> [Dataset excerpts]
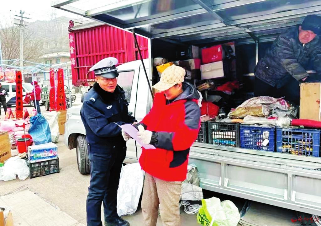 為深入推進(jìn)農(nóng)村交通安全宣傳工作,預(yù)防和減少農(nóng)村道路交通事故的發(fā)生,保德縣交警大隊(duì)宣教股民警以韓家川村趕集活動(dòng)為契機(jī),開展交通安全宣傳。
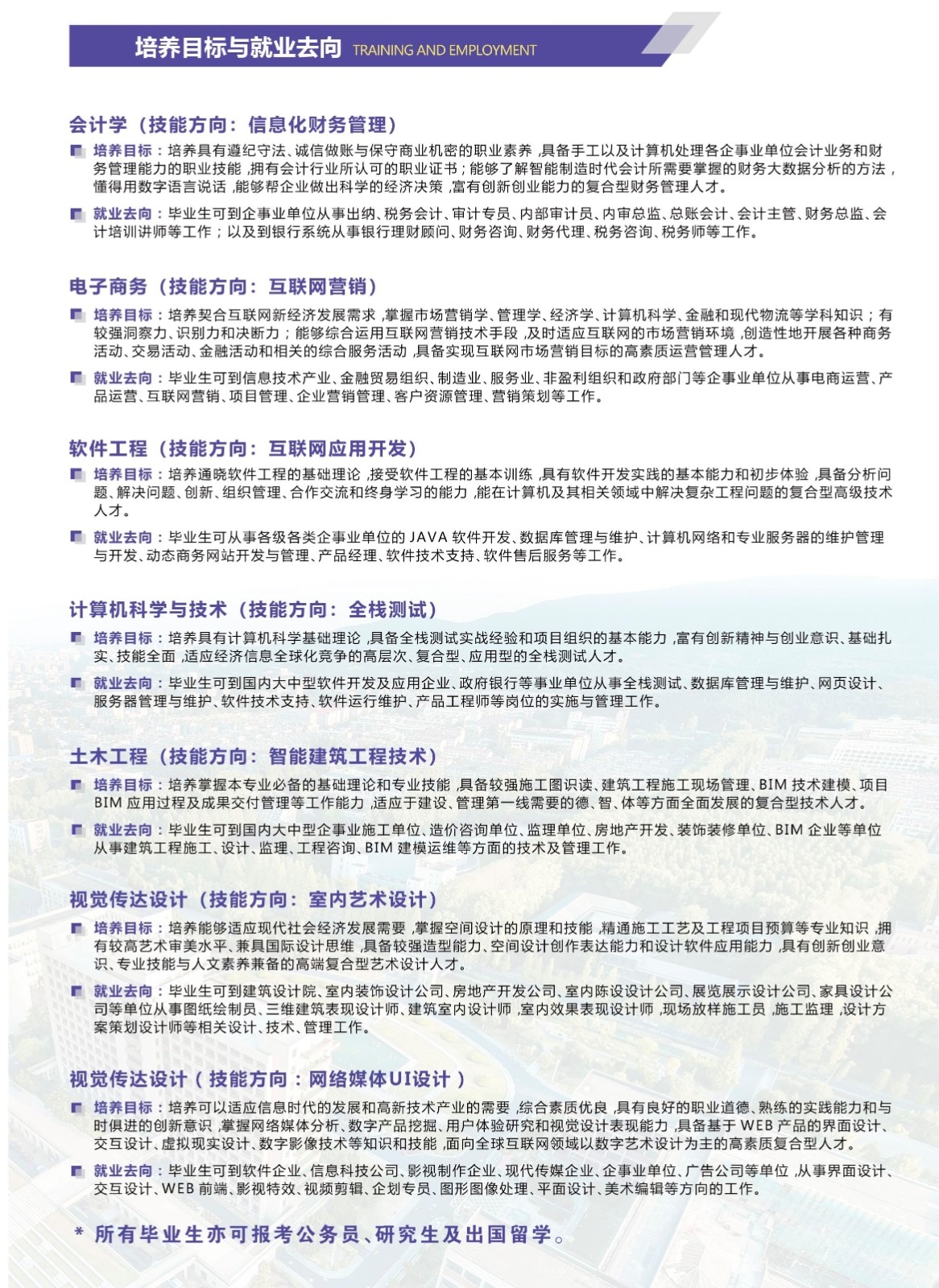 3,专攻就业、主打考研。学历+技能联合培养,就业待遇高,设立考研联盟主打考研!学校管理严格、技能证书考证多、各种竞赛资源多、在校可正常报考英语四六级。
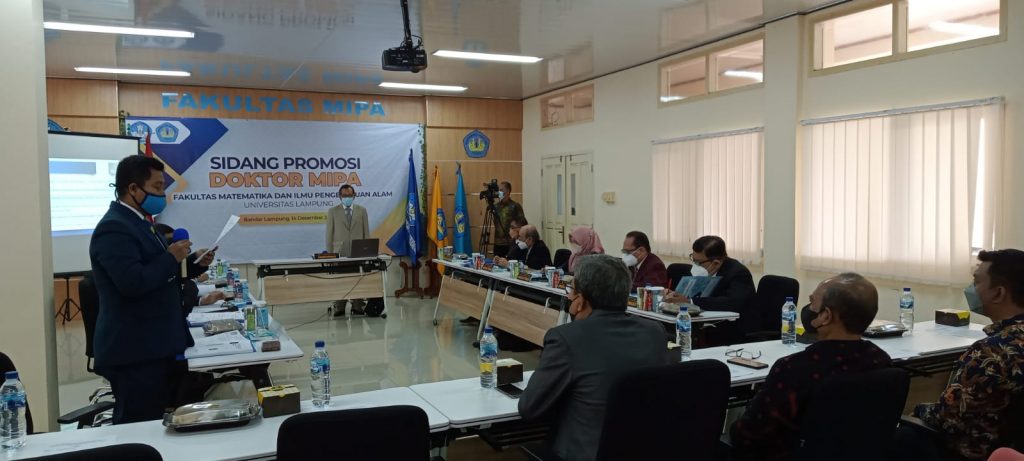 Sidang promosi ini merupakan sidang promosi perdana yang dilaksanakan oleh Prodi Doktro MIPA.  Sidang dipimpin oleh Wakil Rektor Bidang Akademik dan Kerjasama Universitas Lampung, Prof. Dr. Heryandi, S.H.,  M.S.  sebagai Ketua Sidang dan Dekan FMIPA, Dr. Suripto Dwi Yuwono, S.Si.,  M.Si. sebagai Sekretaris Sidang.
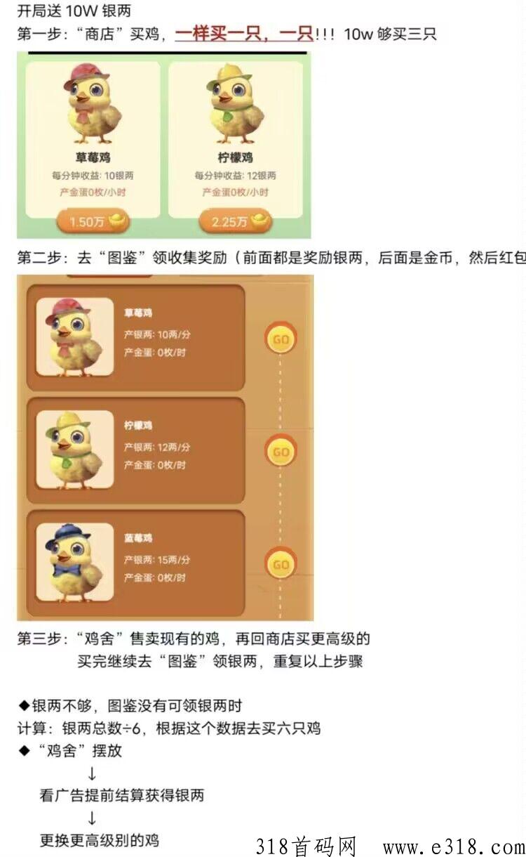 1.开局先把银b花完,把能买的鸡都买一遍,然后去图鉴领取奖励,后面按照视频操作就可以
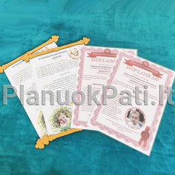Užsakant diplomą krikšto tėveliams, parašykite krikšto tėvelių ir vaikučio vardus bei šventės datą. E-mailu arba per mesengerį atsiųskite vaikučio nuotrauką, jei norėsite, kad ji būtų įdėta. Parašykite, ar reikės bendro diplomo ir įdarbinimo sutarties (jei krikšto tėveliai yra pora), ar dviejų atskirų.
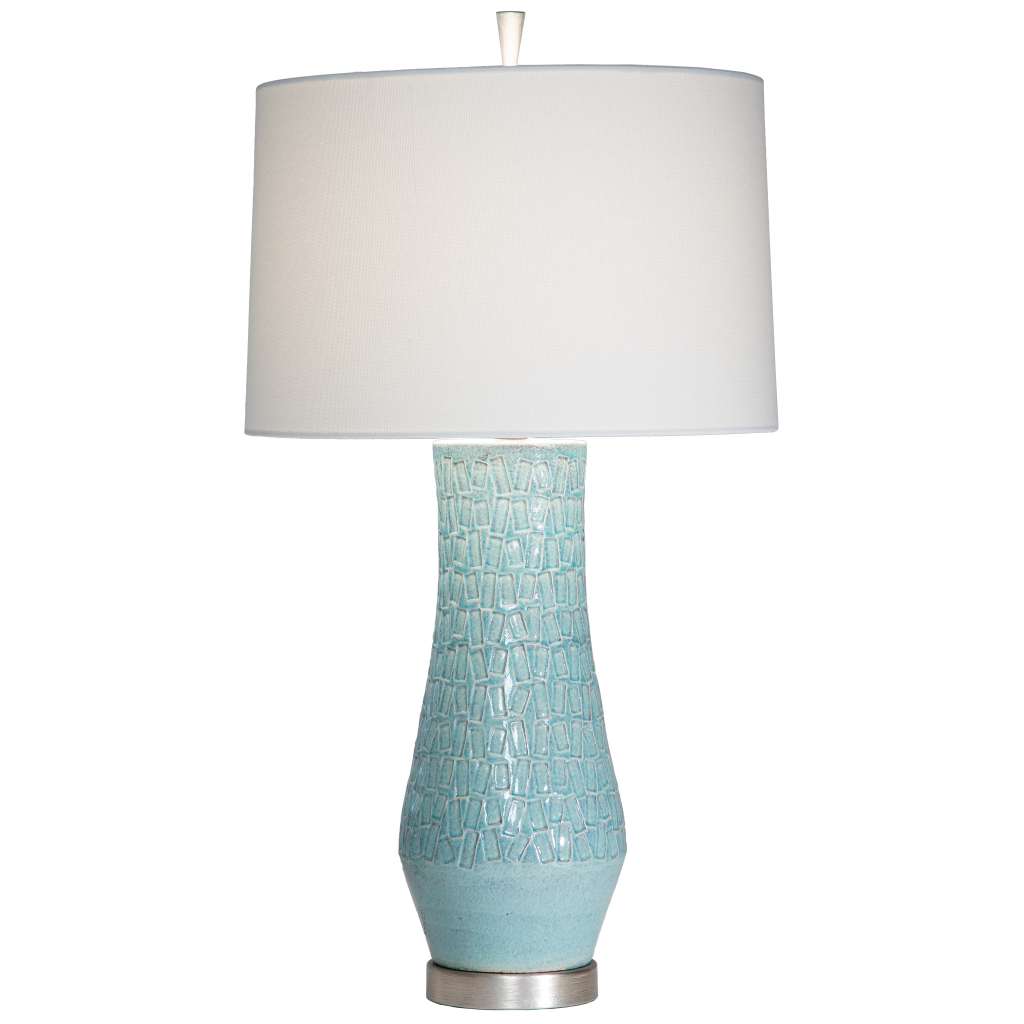 3588- ROWAN ●Aqua 31.5″H Shade: ROWAN 89015 – 16x17x11″ Rnd Drum Sailcloth White 89015 – 16x17x11″ Rnd Drum Sailcloth White
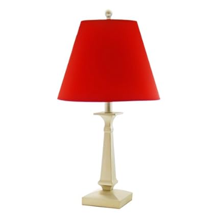I purchased 2 of these beautiful table lamps from Amazon for my office and I'm so glad that I did.  It was receiving a 5 star rating, and I understand why.  It was just as described and fits my décor perfectly.  The base is made of a brushed steel, which compliments the red lamp shade and the gray and black furniture in my office.  I placed one to go on my computer desk and the other on my scrapbook table.  I grabbed the lamps for $23.99 each with free 2 day shipping.  A bargain for these high quality lamps.
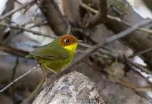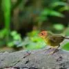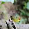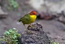 金冠地莺:形态与灰腹地莺相似,上体橄榄绿,前额至头顶渲染亮金黄色;下体几乎纯暗石板灰色,下嘴基部橙红色或橙黄色。虹膜褐色;上嘴角褐色,下嘴基部橙红色或深橙黄色直至嘴尖;跗跖和趾褐色,爪褐色。…全部>>

> [What you should do] Print the material again word for word. Please drop every picture.

> [Answer to this problem]
 為深入推進(jìn)農(nóng)村交通安全宣傳工作,預(yù)防和減少農(nóng)村道路交通事故的發(fā)生,保德縣交警大隊(duì)宣教股民警以韓家川村趕集活動(dòng)為契機(jī),開展交通安全宣傳。
 3,专攻就业、主打考研。学历+技能联合培养,就业待遇高,设立考研联盟主打考研!学校管理严格、技能证书考证多、各种竞赛资源多、在校可正常报考英语四六级。
 Sidang promosi ini merupakan sidang promosi perdana yang dilaksanakan oleh Prodi Doktro MIPA.  Sidang dipimpin oleh Wakil Rektor Bidang Akademik dan Kerjasama Universitas Lampung, Prof. Dr. Heryandi, S.H.,  M.S.  sebagai Ketua Sidang dan Dekan FMIPA, Dr. Suripto Dwi Yuwono, S.Si.,  M.Si. sebagai Sekretaris Sidang.
 1.开局先把银b花完,把能买的鸡都买一遍,然后去图鉴领取奖励,后面按照视频操作就可以
Užsakant diplomą krikšto tėveliams, parašykite krikšto tėvelių ir vaikučio vardus bei šventės datą. E-mailu arba per mesengerį atsiųskite vaikučio nuotrauką, jei norėsite, kad ji būtų įdėta. Parašykite, ar reikės bendro diplomo ir įdarbinimo sutarties (jei krikšto tėveliai yra pora), ar dviejų atskirų.
 3588- ROWAN ●Aqua 31.5″H Shade: ROWAN 89015 – 16x17x11″ Rnd Drum Sailcloth White 89015 – 16x17x11″ Rnd Drum Sailcloth White
I purchased 2 of these beautiful table lamps from Amazon for my office and I'm so glad that I did.  It was receiving a 5 star rating, and I understand why.  It was just as described and fits my décor perfectly.  The base is made of a brushed steel, which compliments the red lamp shade and the gray and black furniture in my office.  I placed one to go on my computer desk and the other on my scrapbook table.  I grabbed the lamps for $23.99 each with free 2 day shipping.  A bargain for these high quality lamps.
 金冠地莺:形态与灰腹地莺相似,上体橄榄绿,前额至头顶渲染亮金黄色;下体几乎纯暗石板灰色,下嘴基部橙红色或橙黄色。虹膜褐色;上嘴角褐色,下嘴基部橙红色或深橙黄色直至嘴尖;跗跖和趾褐色,爪褐色。…全部>>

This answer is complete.